Without changing a word, copy every line of the listing below and leave out the images.

________________________________________

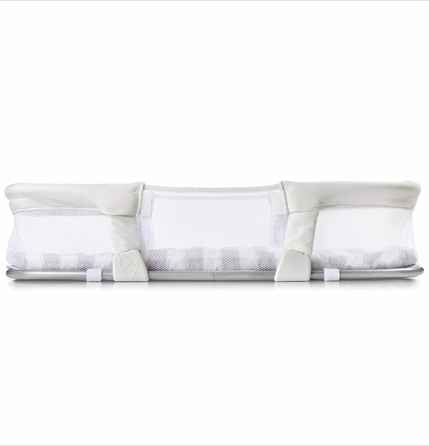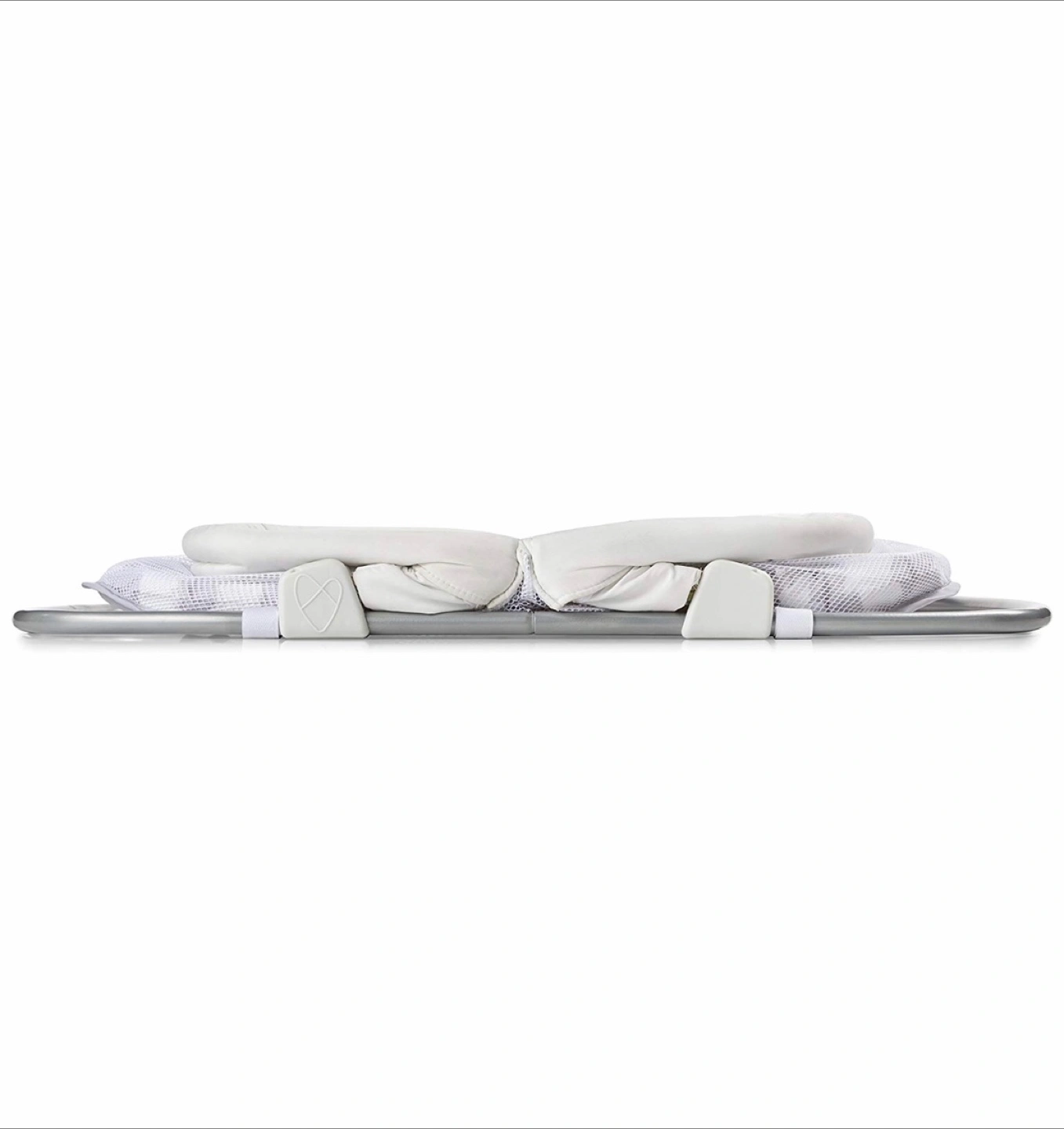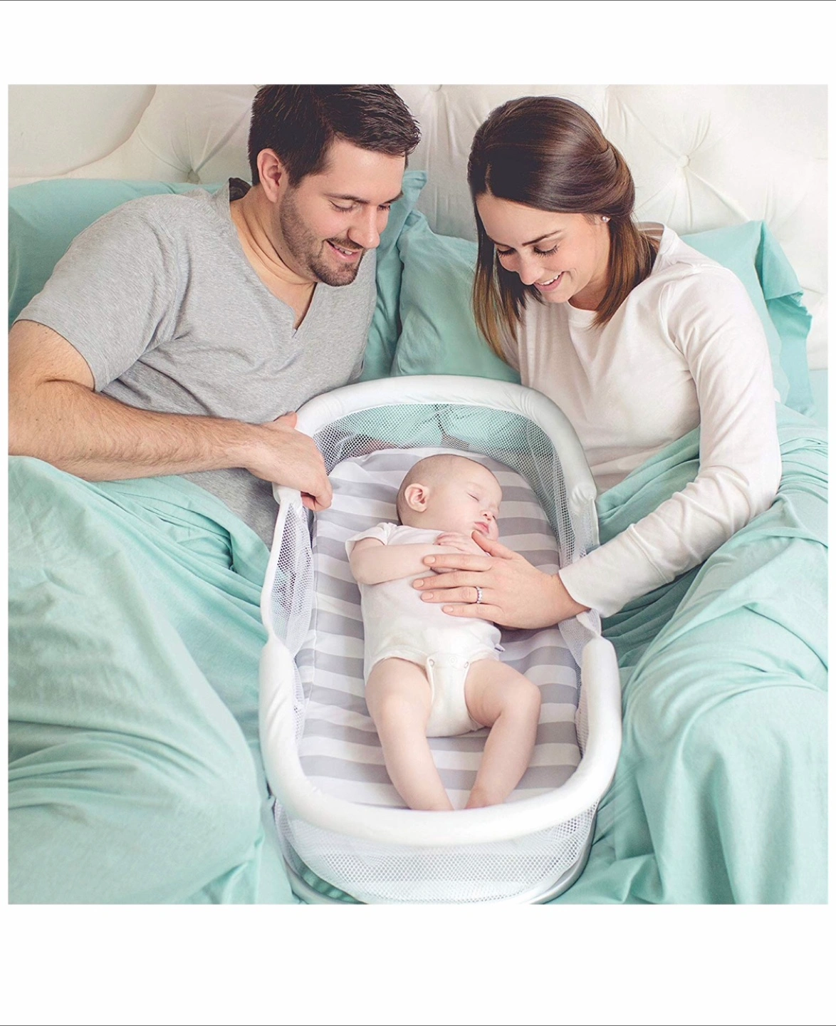New baby bassinet. Features a breathable mesh design. Gray and white striped mattress included. Easy to fold for storage.
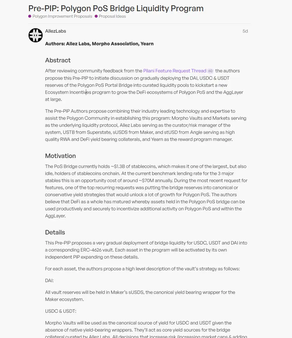 据了解,Polygon PoS 桥接中持有约 13 亿美元的稳定币储备,社区建议将这些闲置资金部署到经过精心挑选的流动性池中,以产生收益并促进 Polygon 生态系统的发展。根据当前的贷款利率,这些资金每年可能带来约 7000 万美元的收益。
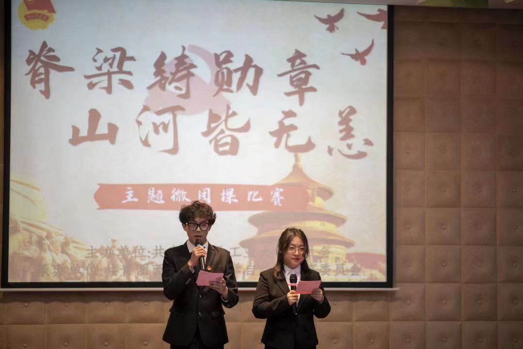 报告厅举行“脊梁铸勋章,山河皆无恙”主题微团课比赛的决赛。此次比赛以线上直播的形式进行,到场的评委嘉宾有:漫画h
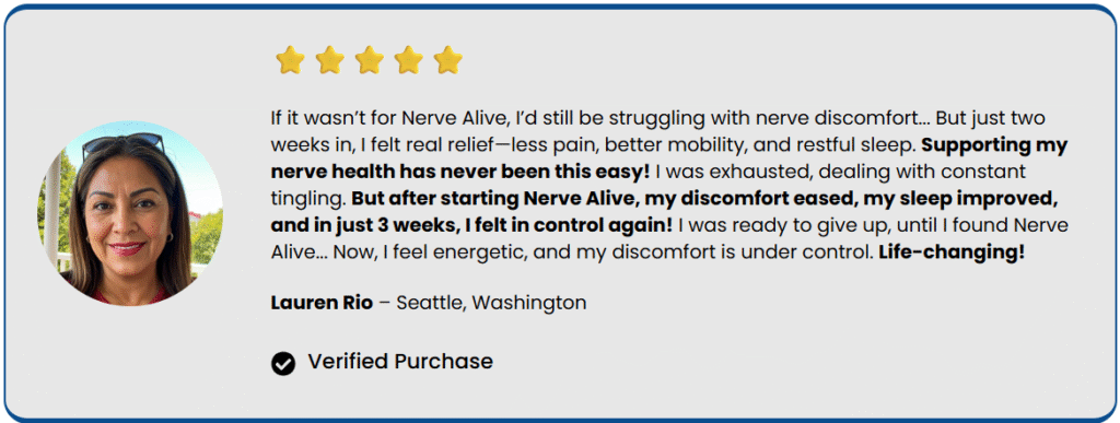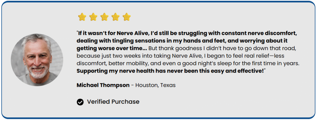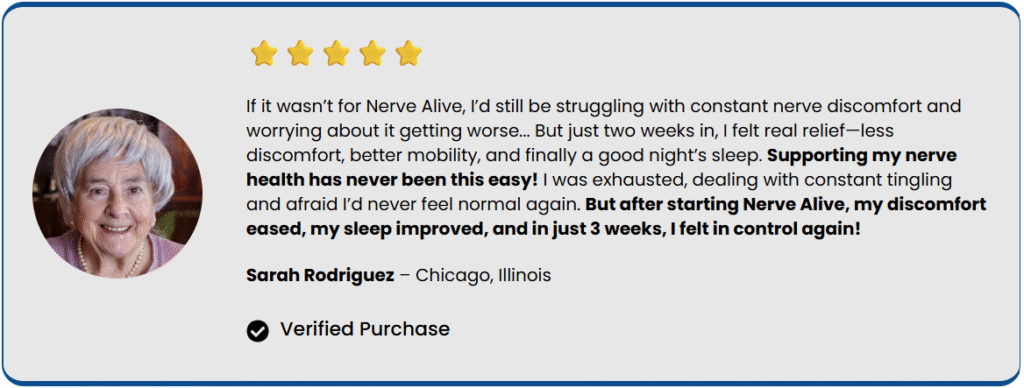 “If it wasn’t for Nerve Alive, I’d still be struggling with constant nerve discomfort, dealing with tingling sensations in my hands and feet, and worrying about it getting worse over time… But thank goodness I didn’t have to go down that road, because just two weeks into taking Nerve Alive, I began to feel real relief—less discomfort, better mobility, and even a good night’s sleep for the first time in years. Supporting my nerve health has never been this easy and effective!”
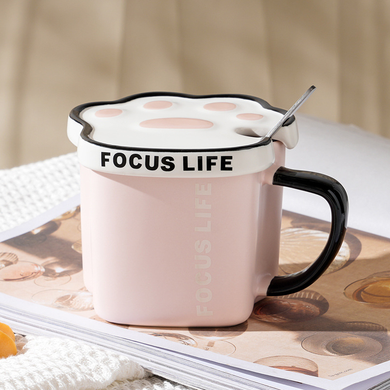 キャンディー猫爪マグカップ蓋付き高颜値女子オフィスカップクリエイティブプレゼント家庭用セラミックコーヒーカップ
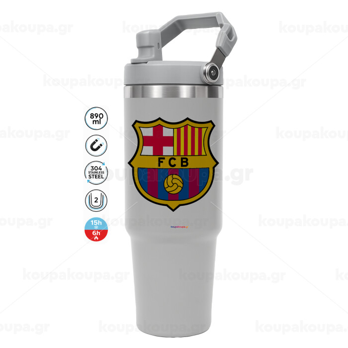 Barcelona FC, ΓΚΡΙ χρώματος Θερμός Ανοξείδωτο 890ml (30oz) με χερούλι
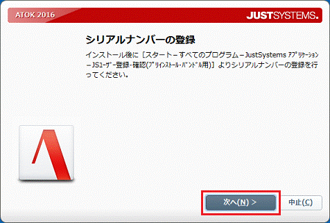 「はい」ボタンをクリックします。 - 「「ATOK」のインストール」と表示されます。
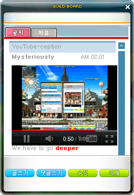 Now about the Guild BBS. It’s different in kMS than in GMS, our guild board is actually connected to the internet (which is why it lags everytime you open the guild window). I’m sure most of you have seen the video lately of the person watching YouTube in MapleStory. Well, it’s true! The Guild BBS allows all types of HTML now, so you can embed videos~ You can see formatted text as well!
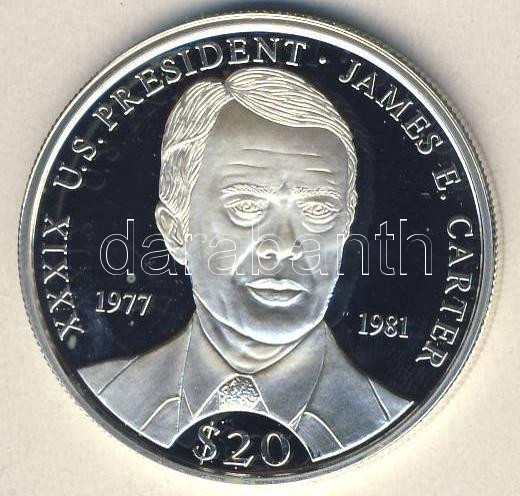 Leírás: Libéria 2000. 20$ Ag "Amerikai elnökök-James E. Carter" T:PP
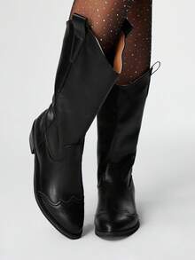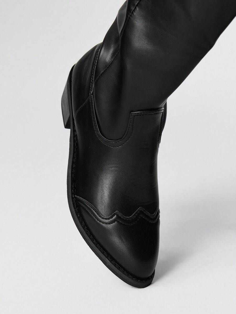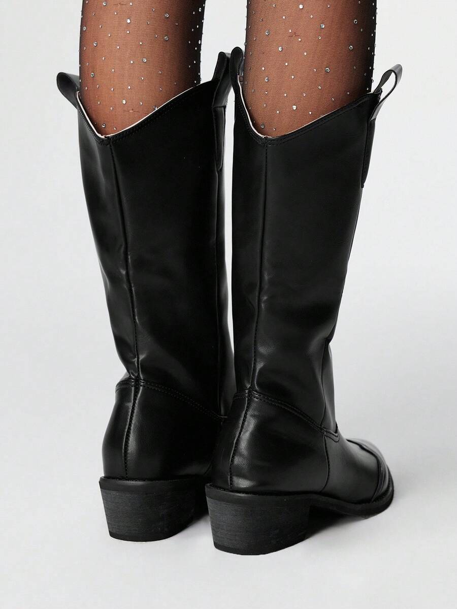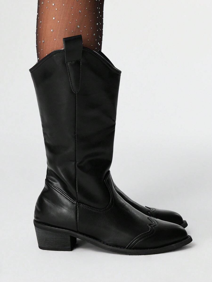 Damen Dunkel Punk Gothic Stiefel, schwarze bestickte Western Langstiefel mit niedrigen Absätzen, Leder Knöchel- und Kurzstiefel
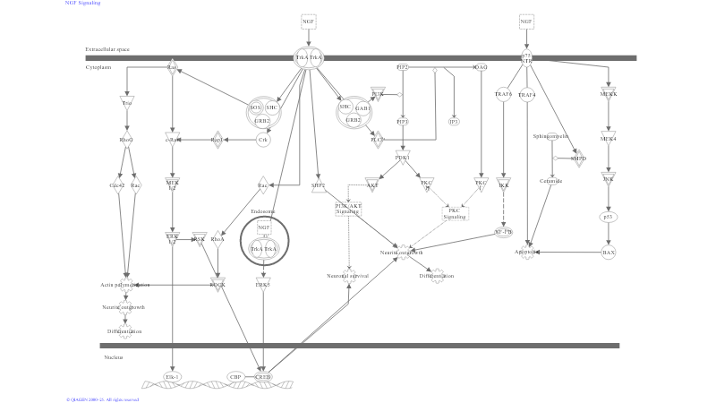A fundamental issue in current biology is the question of maintaining a critical balance between cell survival and cell death, both during development and in adulthood. In the nervous system, a family of neurotrophins which includes nerve growth factor (NGF), BDNF, and neurotrophins 3/4/5, maintains this critical balance. The best characterized of these is NGF, a neurotrophic protein which is important for the growth and survival of diverse peripheral and central neurons. It is expressed within discrete CNS areas and is secreted by tissues targeted by sympathetic and some sensory neurons. The effects of NGF on neuronal growth and survival are mediated by a high affinity cell surface receptor TrkA and a low affinity receptor p75(NTR)...

________________________________________

> _Exercise answer_
New baby bassinet. Features a breathable mesh design. Gray and white striped mattress included. Easy to fold for storage.
 据了解,Polygon PoS 桥接中持有约 13 亿美元的稳定币储备,社区建议将这些闲置资金部署到经过精心挑选的流动性池中,以产生收益并促进 Polygon 生态系统的发展。根据当前的贷款利率,这些资金每年可能带来约 7000 万美元的收益。
 报告厅举行“脊梁铸勋章,山河皆无恙”主题微团课比赛的决赛。此次比赛以线上直播的形式进行,到场的评委嘉宾有:漫画h
 “If it wasn’t for Nerve Alive, I’d still be struggling with constant nerve discomfort, dealing with tingling sensations in my hands and feet, and worrying about it getting worse over time… But thank goodness I didn’t have to go down that road, because just two weeks into taking Nerve Alive, I began to feel real relief—less discomfort, better mobility, and even a good night’s sleep for the first time in years. Supporting my nerve health has never been this easy and effective!”
 キャンディー猫爪マグカップ蓋付き高颜値女子オフィスカップクリエイティブプレゼント家庭用セラミックコーヒーカップ
 Barcelona FC, ΓΚΡΙ χρώματος Θερμός Ανοξείδωτο 890ml (30oz) με χερούλι
 「はい」ボタンをクリックします。 - 「「ATOK」のインストール」と表示されます。
 Now about the Guild BBS. It’s different in kMS than in GMS, our guild board is actually connected to the internet (which is why it lags everytime you open the guild window). I’m sure most of you have seen the video lately of the person watching YouTube in MapleStory. Well, it’s true! The Guild BBS allows all types of HTML now, so you can embed videos~ You can see formatted text as well!
 Leírás: Libéria 2000. 20$ Ag "Amerikai elnökök-James E. Carter" T:PP
 Damen Dunkel Punk Gothic Stiefel, schwarze bestickte Western Langstiefel mit niedrigen Absätzen, Leder Knöchel- und Kurzstiefel
A fundamental issue in current biology is the question of maintaining a critical balance between cell survival and cell death, both during development and in adulthood. In the nervous system, a family of neurotrophins which includes nerve growth factor (NGF), BDNF, and neurotrophins 3/4/5, maintains this critical balance. The best characterized of these is NGF, a neurotrophic protein which is important for the growth and survival of diverse peripheral and central neurons. It is expressed within discrete CNS areas and is secreted by tissues targeted by sympathetic and some sensory neurons. The effects of NGF on neuronal growth and survival are mediated by a high affinity cell surface receptor TrkA and a low affinity receptor p75(NTR)...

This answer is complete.